FASTAPI_BASE_URL=http://localhost:8000
SECRET_TOKEN=your_secret_token_here

fastapi.service.ts

import { Injectable } from "@nestjs/common";
import { HttpService } from "@nestjs/axios";
import { ConfigService } from "@nestjs/config";
import { firstValueFrom } from "rxjs";

@Injectable()
export class FastAPIService {
  constructor(
    private http: HttpService,
    private config: ConfigService,
  ) {}

  async analyzeText(text: string) {
    const url = `${this.config.get("FASTAPI_BASE_URL")}/text/analyse`;
    const token = this.config.get("SECRET_TOKEN");

    const response = await firstValueFrom(
      this.http.post(
        url,
        { text },
        {
          headers: {
            Authorization: `Bearer ${token}`,
          },
        },
      ),
    );

    return response.data;
  }
}

app.module.ts

import { Module } from "@nestjs/common";
import { ConfigModule } from "@nestjs/config";
import { HttpModule } from "@nestjs/axios";
import { AppController } from "./app.controller";
import { FastAPIService } from "./fastapi.service";

@Module({
  imports: [ConfigModule.forRoot(), HttpModule],
  controllers: [AppController],
  providers: [FastAPIService],
})
export class AppModule {}

app.controller.ts

import { Body, Controller, Post, Get } from '@nestjs/common';
import { FastAPIService } from './fastapi.service';

@Controller()
export class AppController {
  constructor(private readonly fastapiService: FastAPIService) {}

  @Post('analyze-text')
  async callFastAPI(@Body('text') text: string) {
    return this.fastapiService.analyzeText(text);
  }

  @Get()
  getHello(): string {
    return 'NestJS is connected to FastAPI';
  }
}

🧠 Main Functions in Text Classifier (`features/text_classifier/` and `features/text_classifier/`)

load_model()
Loads the GPT-2 model and tokenizer from the specified directory paths.
lifespan()
Manages the application lifecycle.
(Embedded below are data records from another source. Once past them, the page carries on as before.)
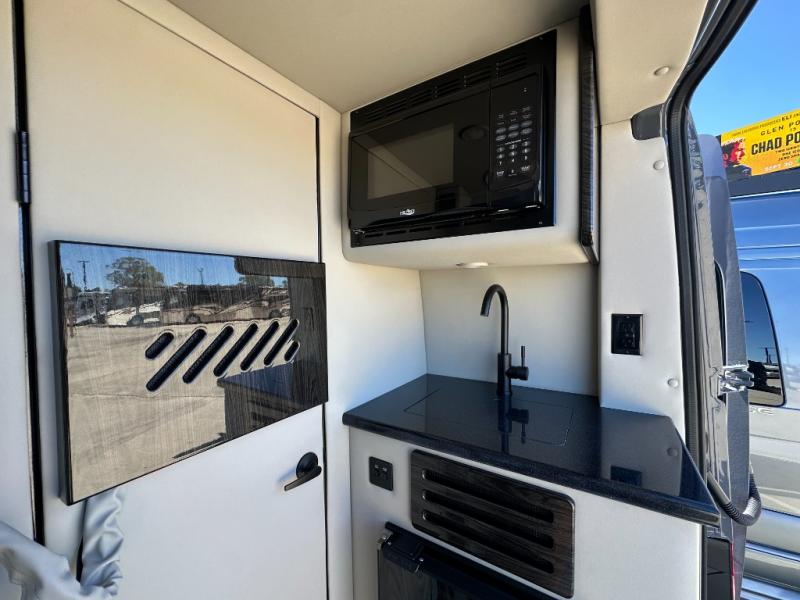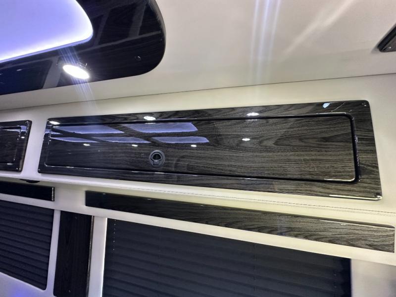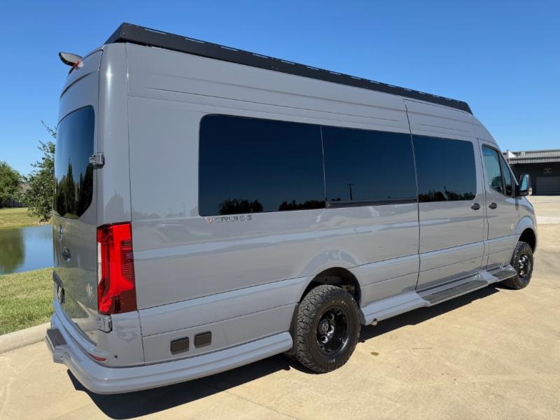 With any V-Cruise Class B diesel motorhome by OGV Luxury Coach, you will find high-quality and style at every turn. These Class B conversion vans feature color match bumpers and side moldings, a 5,000 lb. towing capacity, and an exterior utility bay with 30 Amp shore power, dual 110V outlets, an outside shower, plus tank fill and rinse for added convenience. The driver will love having a rear view camera for easy maneuvering, along with active brake assist, crosswind assist, and headlight assist. You'll love the interior of the V-Cruise with its handmade woodwork and satin finish, carpeted floor mats throughout the cabin, custom seating with double needle stitching, and more luxurious features. There is also an integrated touchscreen control system, plus a 100 Ah lithium auxiliary house battery and 2,000 watt inverter to keep you powered up.
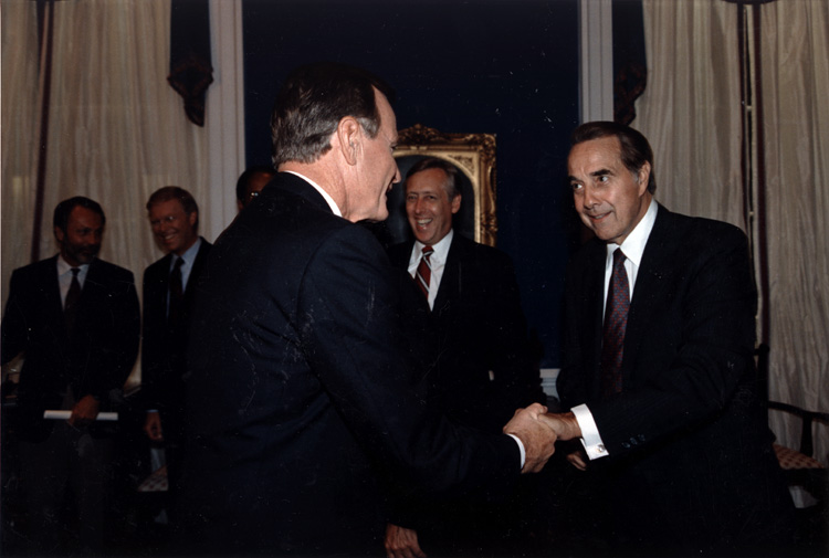 Sen Dole and Pres Bush shaking hands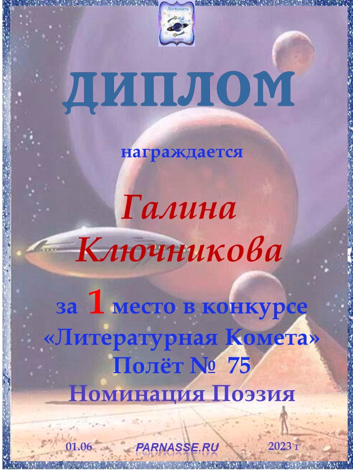 ![]() Медаль за 1 место в конкурсе "ЛитКомета - Полёт № 95" - номинация Поэзия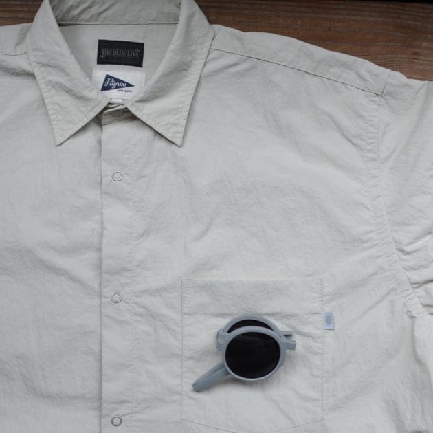 紫外線対策としてこのサングラスをお勧めしたい理由は、31gという圧倒的な軽量性と、折りたたみコンパクトに収納ができるからです。今の季節は夏のような日差しの強さは無いので、サングラス無しでも不快感はないですし、サングラスを持ち歩く方がむしろ面倒だと感じます。その点このサングラスは、胸ポケットに収まるサイズ感で、常に持ち歩きたくなるデザインなんです。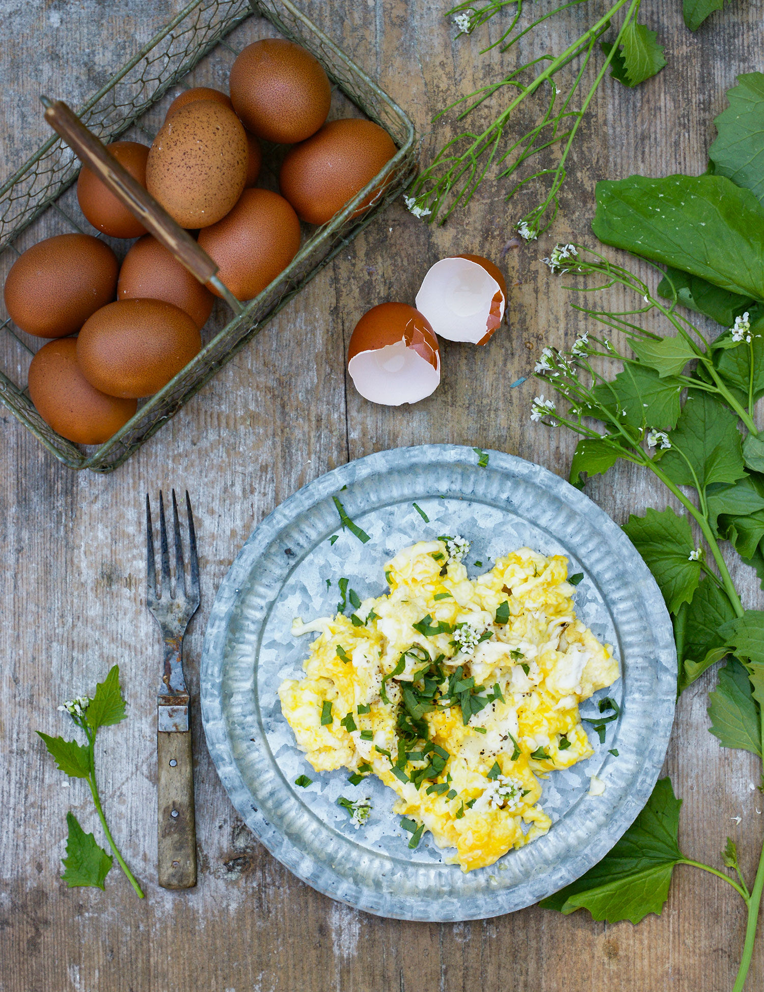 En enkel och smakrik äggröra med löktrav som ger en lätt smak av lök. Här toppar vi med löktrav på slutet då den kommer bäst till sin rätt när den inte värms upp.Tips! Plocka inte löktrav vid vägkant och se till att alltid skölja först.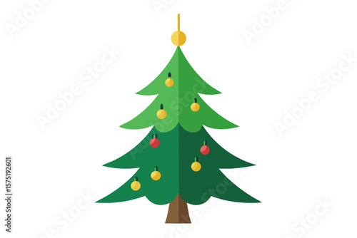 christmas, tree, holiday, decoration, christmas tree, fir, christmas, winter, celebration, star, pine, ball, green, season, gift, year, illustration, new year, vector, new, december, merry, ornament, isolated, present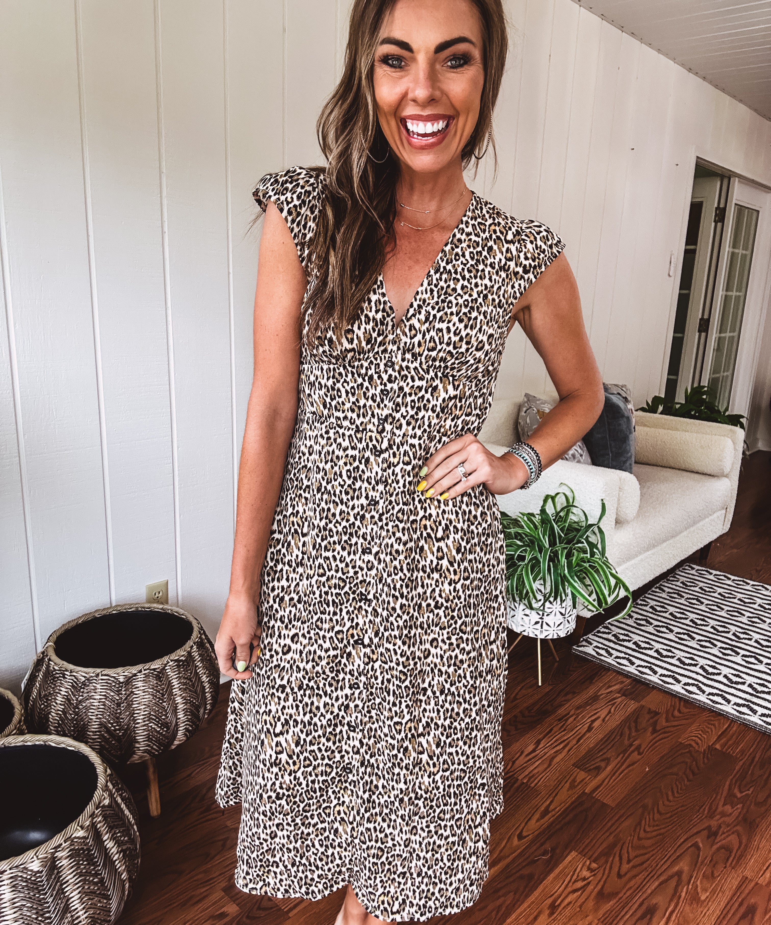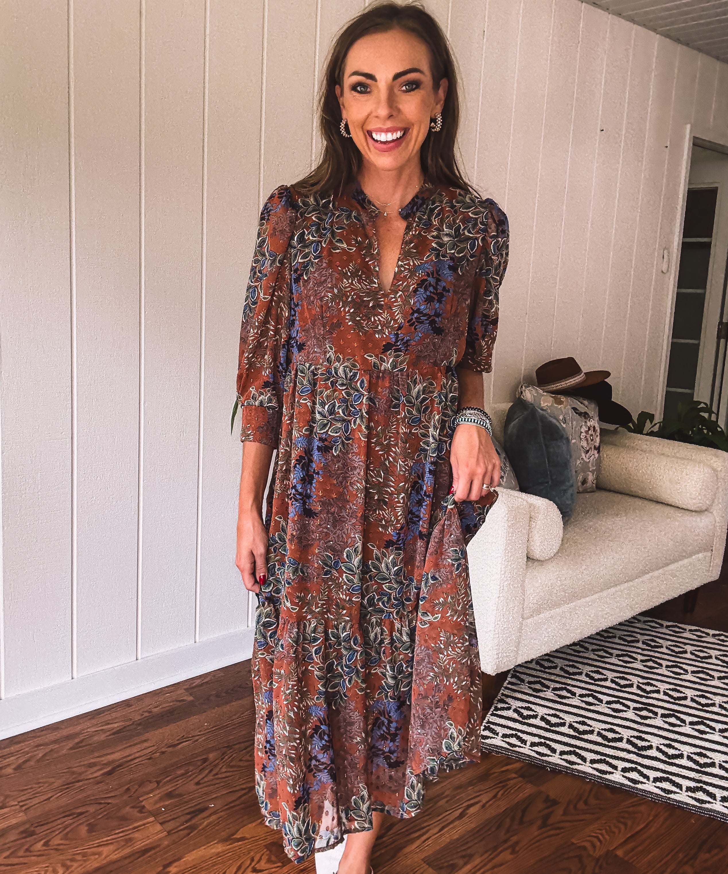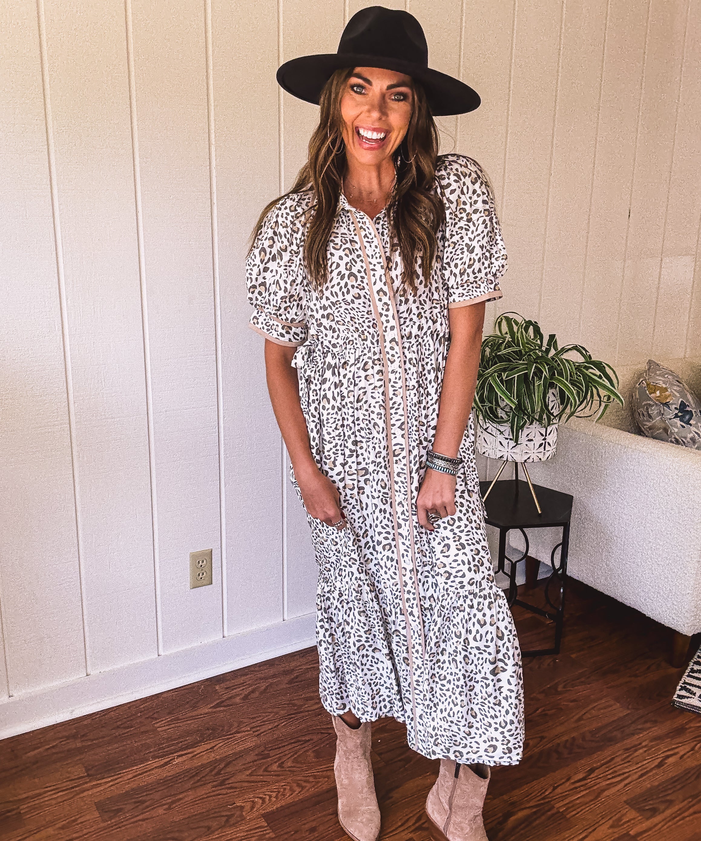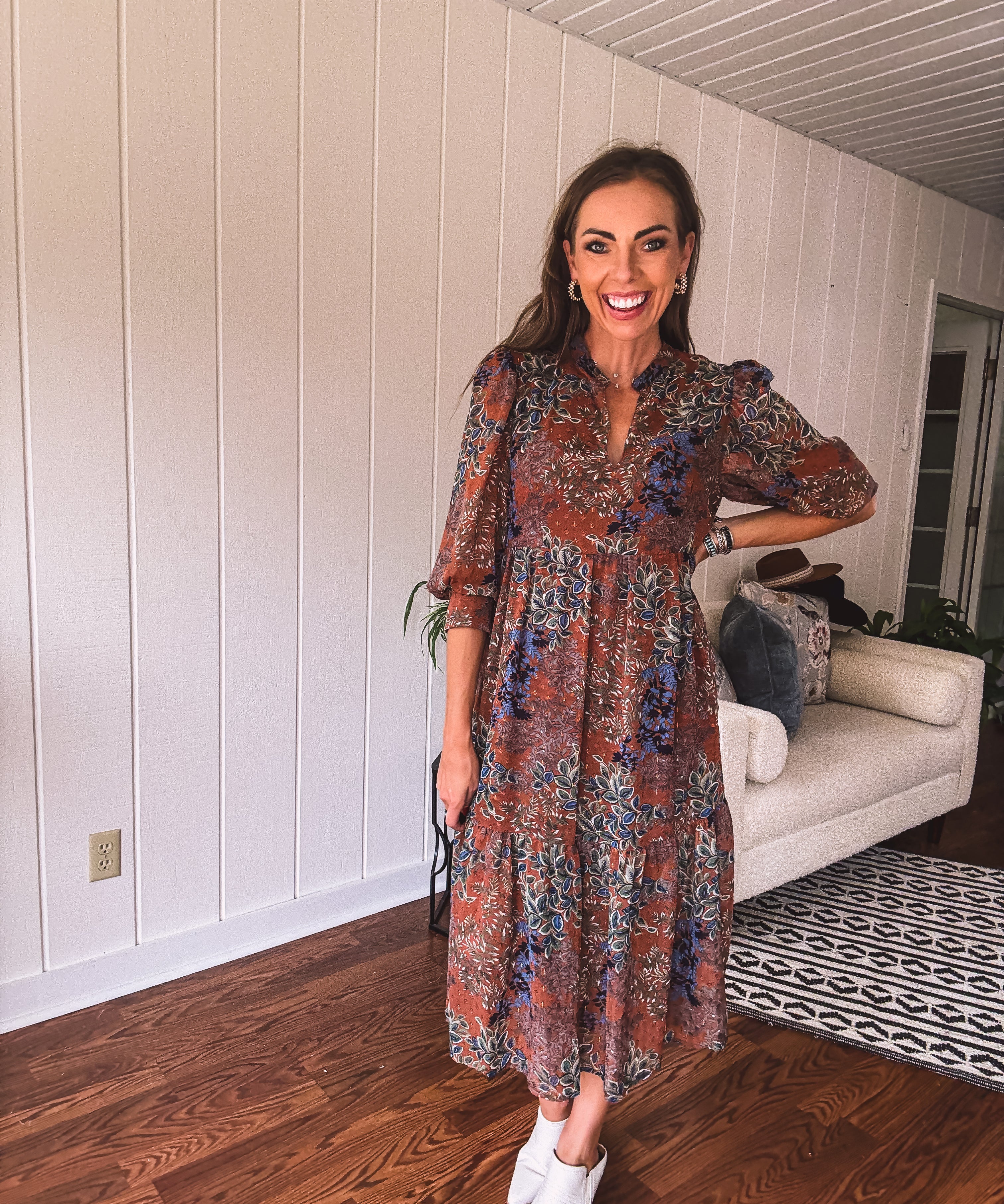 Black Gingko Leaf Printed Chiffon Dress with Smock Yoke

Initializes the model at startup and handles cleanup on shutdown.
classify_text_sync()
Synchronously tokenizes input text and predicts using the GPT-2 model. Returns classification and perplexity.
classify_text()
Asynchronously runs classify_text_sync() in a thread pool for non-blocking text classification.
analyze_text()
POST endpoint: Accepts text input, classifies it using classify_text(), and returns the result with perplexity.
health()
GET endpoint: Simple health check for API liveness.
parse_docx(), parse_pdf(), parse_txt()
Utilities to extract and convert .docx, .pdf, and .txt file contents to plain text.
warmup()
Downloads the model repository and initializes the model/tokenizer using load_model().
download_model_repo()
Downloads the model files from the designated MODEL folder.
get_model_tokenizer()
Checks if the model already exists; if not, downloads it—otherwise, loads the cached model.
handle_file_upload()
Handles file uploads from the /upload route. Extracts text, classifies, and returns results.
extract_file_contents()
Extracts and returns plain text from uploaded files (PDF, DOCX, TXT).
handle_file_sentence()
Processes file uploads by analyzing each sentence (under 10,000 chars) before classification.
handle_sentence_level_analysis()
Checks/strips each sentence, then computes AI/human likelihood for each.
analyze_sentences()
Splits paragraphs into sentences, classifies each, and returns all results.
analyze_sentence_file()
Like handle_file_sentence()—analyzes sentences in uploaded files.

🚀 Deployment

Local: Use uvicorn as above.
Railway/Heroku: Use the provided Procfile.
Hugging Face Spaces: Use the Dockerfile for container deployment.

💡 Tips

Model files auto-download at first start if not found.
Keep requirements.txt up-to-date after adding dependencies.
All endpoints require the correct Authorization header.
For security: Avoid committing .env to public repos.